After the final stage has been added, write_run_envelope (pipeline.rs, defined in artifacts.rs) writes the run-level manifest.json with the mapv10-artifacts-v1 schema version (lib.rs), the consolidated stage index, and the generation metadata.

The pipeline itself is single-threaded. The only intra-pipeline parallelism is internal to stage 3 (erosion), which uses rayon double-buffered row-parallel updates inside the inner iteration loop. Stages are not run in parallel with each other.

Stage Reference

The pipeline emits 16 stages numbered 0..15. The full stage table lives in architecture.md § Generator Pipeline; this section describes what each stage actually computes.

Stage 0 — config

Validates the resolved GeneratorConfig and serializes it as the canonical config.json truth product (stages/config.rs).

  • Technique: parameter validation. No algorithm.
  • Key parameters: scale preset, seed, world bounds, raster dims, elevation/slope ranges.
  • Algorithm: validate_config checks the preset is in the known set, that bounds and raster dims are positive, and that derived province / Location count bands are well-formed.
  • Products: config.json.
  • Depends on: nothing.

Stage 1 — continent

Generates the closed land polygon, the coastline polyline, and the sea region shell with the land as a hole (stages/continent.rs).

  • Technique: parametric ellipse with three sinusoidal lobe harmonics. Hand-authored, not noise-based, not tectonic.
  • Key parameters: center_x = world_width_km * 0.5, center_y = world_height_km * 0.52, radius_x = world_width_km * 0.39, radius_y = world_height_km * 0.37, samples = 40, phase = sin(seed as f64) (continent.rs).
  • Algorithm: 40 sample points on (angle = TAU * i / 40). The per-angle radius multiplier is `1 + 0.10 * sin(3a + phase) + 0.07
    • cos(5a + phase * 0.37) + 0.04 * sin(9a + phase * 1.9). Points are clamped to [0.04 W, 0.96 W] x [0.04 H, 0.96 H]` and the ring is closed with an explicit final point equal to the first.
  • Products: continentPolygons.json, coastlines.json, seaRegions.json.
  • Depends on: stage 0.

Stage 2 — geography-graph

Generates the deterministic ridge chain and basin polygons that bias the heightfield (stages/geography_graph.rs).

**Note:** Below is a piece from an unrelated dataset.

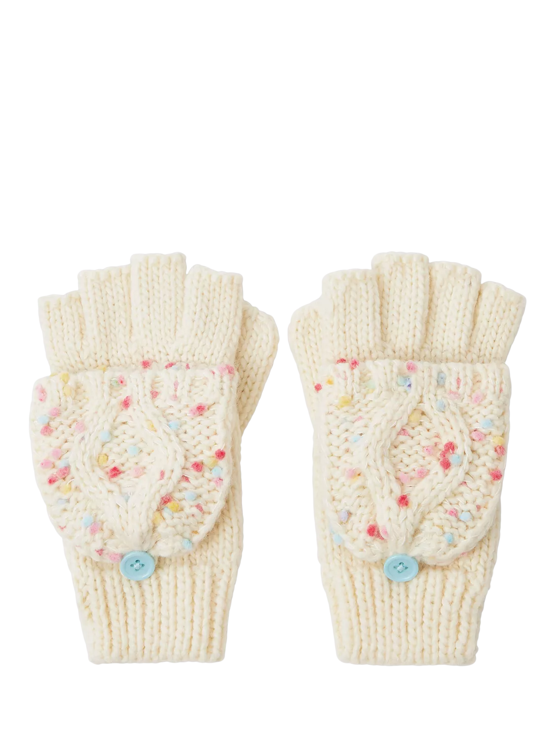 Decorated with colourful pom-poms reminiscent of ice cream sprinkles, these gloves are a fun addition to their winter warmers. Opt for the fingerless design or unbutton the mitten caps for ultimate cosiness.

  • Technique: hand-authored parametric chain plus two parametric ellipses. No noise, no procedural sampling.
  • Key parameters: 6 ridge nodes (geography_graph.rs); each at t = i/5, x = W*(0.18 + t*0.66), y = H*(0.25 + t*0.42 + sin(t*TAU)*0.07), elevation_bias = 1050 + 260 * sin(t*PI). 5 ridge edges connecting consecutive nodes with width_km = W*(0.07 - i*0.003).max(0.035). 2 basins at fixed world fractions: (W*0.29, H*0.63) and (W*0.68, H*0.72) (geography_graph.rs), with depression bias 130 m and 190 m respectively.
  • Algorithm: nodes and basins are emitted directly from the closed-form parametric definitions; basin polygons are the 20-sample closed ellipses from closed_ellipse(center, rx, ry, 20).
  • Products: ridgeGraph.json, basins.json.
  • Depends on: stage 1.

Stage 3 — heightfield

Computes the eroded elevation raster and its derivatives. This is the most expensive stage, the source of every downstream raster, and the only stage with internal parallelism (stages/heightfield/mod.rs, stages/heightfield/erosion.rs).

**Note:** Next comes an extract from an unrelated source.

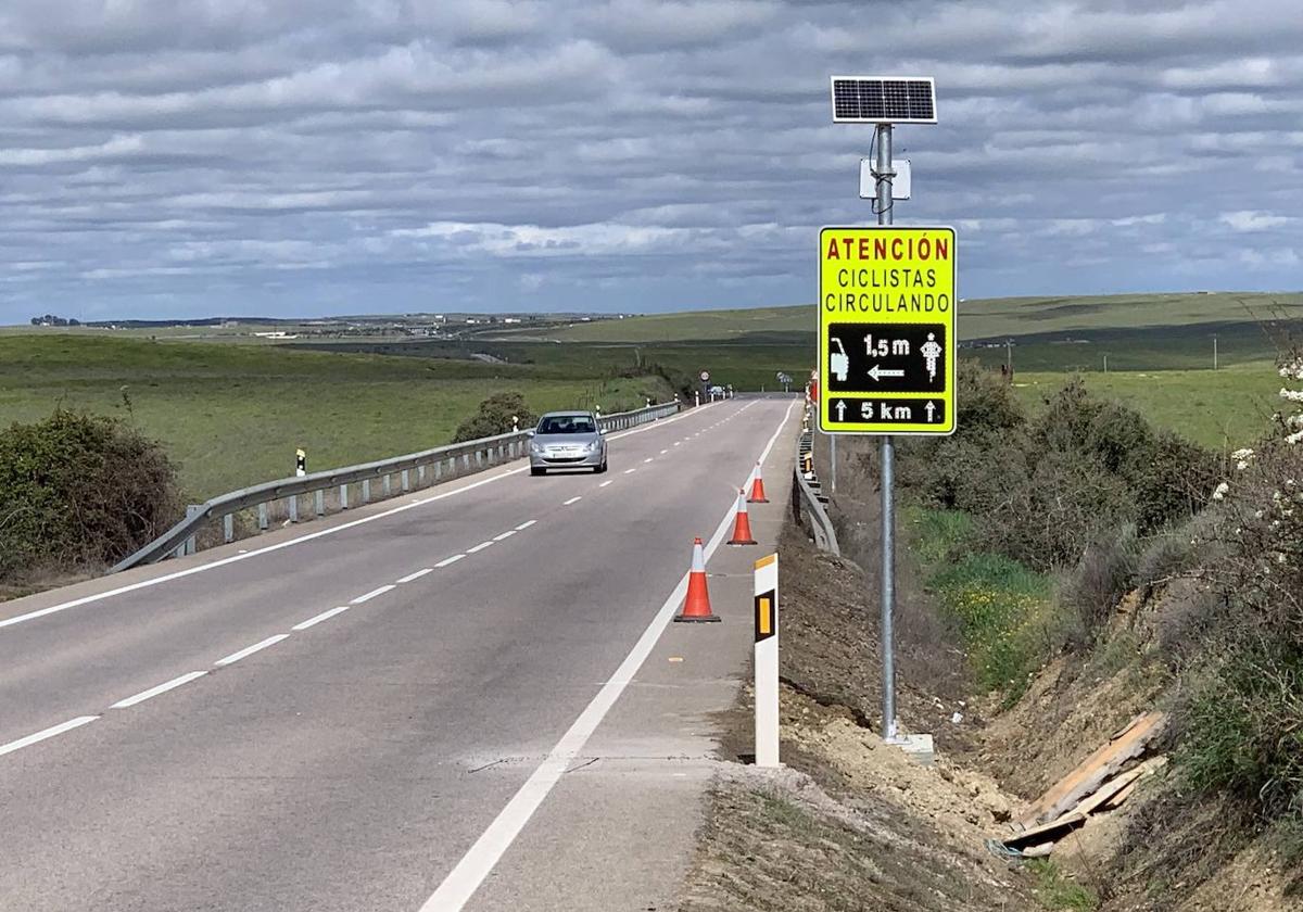 Gómez recuerda que su proyecto consiste en un dispositivo compuesto por una señal vertical inteligente y balizas led. Mediante la inteligencia artificial, se detecta al ciclista y, seguidamente, se activa la señalización en el momento oportuno para avisar al resto de usuarios de la carretera que acaba de pasar el ciclista circulando. Todo ello es posible a la tecnología especializada, junto a esa inteligencia artificial desarrollada por la entidad. Estos dispositivos han sustituido a un lazo inductivo y un radar que hacían la discriminación de los usuarios en la carretera por la velocidad. «Con la inteligencia artificial la eficacia es del 100% para distinguir a un ciclista frente a otros usos de la carretera. Antes, el porcentaje era del 90%». Recuerda que el cambio de tecnología se aplicó, gracias a una ayuda de la Junta de Extremadura.

  • Technique: rotated-gradient fBm noise generation (Perlin-style with per-octave rotation) over a continental macro-relief template, biased by ridge and basin influence fields, followed by Mei-Decaudin-Hu virtual-pipe hydraulic erosion (Mei et al. 2007) with Šťava-Beneš sediment transport (Šťava et al. 2008) and isotropic talus thermal relaxation also from Šťava 2008.

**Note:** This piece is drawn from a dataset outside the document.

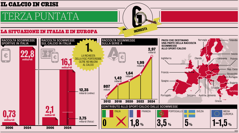 Один из ключевых способов приблизиться к другим чемпионатам и выровняться с европейскими странами — это ставки, а именно признание доли доходов от беттинга в пользу тех, кто организует события, на которые делаются ставки. Согласно отчёту Федерации футбола Италии (ФФИ) за 2025 год, в 2024 году объём ставок на спорт в Италии достиг 22,8 млрд евро. Если учесть, что в 2000 году он составлял 730 млн, рост составил примерно в 30 раз. Из этих почти 23 млрд — 16,1 млрд приходится на футбол. И здесь рост также стабилен: с 2012 года показатель почти утроился.

  • Key parameters (from erosion.rs):

    • hydraulic_iterations = 4_000
    • thermal_every = 10 (every Nth hydraulic iteration runs one thermal pass)
    • dt = 0.02 seconds
    • rainfall_rate = 0.012 m/s
    • pipe_area_base = 20.0 m^2 (linearly scaled by cell pitch)
    • gravity = 9.81 m/s^2
    • capacity_kc = 0.10
    • dissolving_ks = 0.5
    • deposition_kd = 1.0
    • evaporation_ke = 0.015 1/s
    • min_water_for_capacity = 0.01 m
    • talus_angle_radians = PI * 33 / 180 (33 degrees)
    • thermal_max_move_per_step_meters = 1.0
    • dx_reference_meters = 1.0
  • Algorithm: the noise pass at mod.rs walks every cell at (col + 0.5, row + 0.5) * cell_size and combines: inland_uplift = 35 + smoothstep(12, 280, coast_distance) * 390, continental_macro_relief (a TERRAIN_MACRO_NOISE_OCTAVES fBm scaled by interior smoothstep with directional tilts and lowland features), ridge influence (per-edge gaussian field jagged by RIDGE_JAGGED_NOISE_OCTAVES fBm plus per-node gaussian peaks), basin influence (subtracted), and detail relief (TERRAIN_DETAIL_NOISE_OCTAVES scaled by 58 m). Off-land cells get a shelf falloff of -160 - min(coast_distance * 11, 850) m. Every cell is clamped into elevation_range_meters = [-1200, 3200] before erosion runs.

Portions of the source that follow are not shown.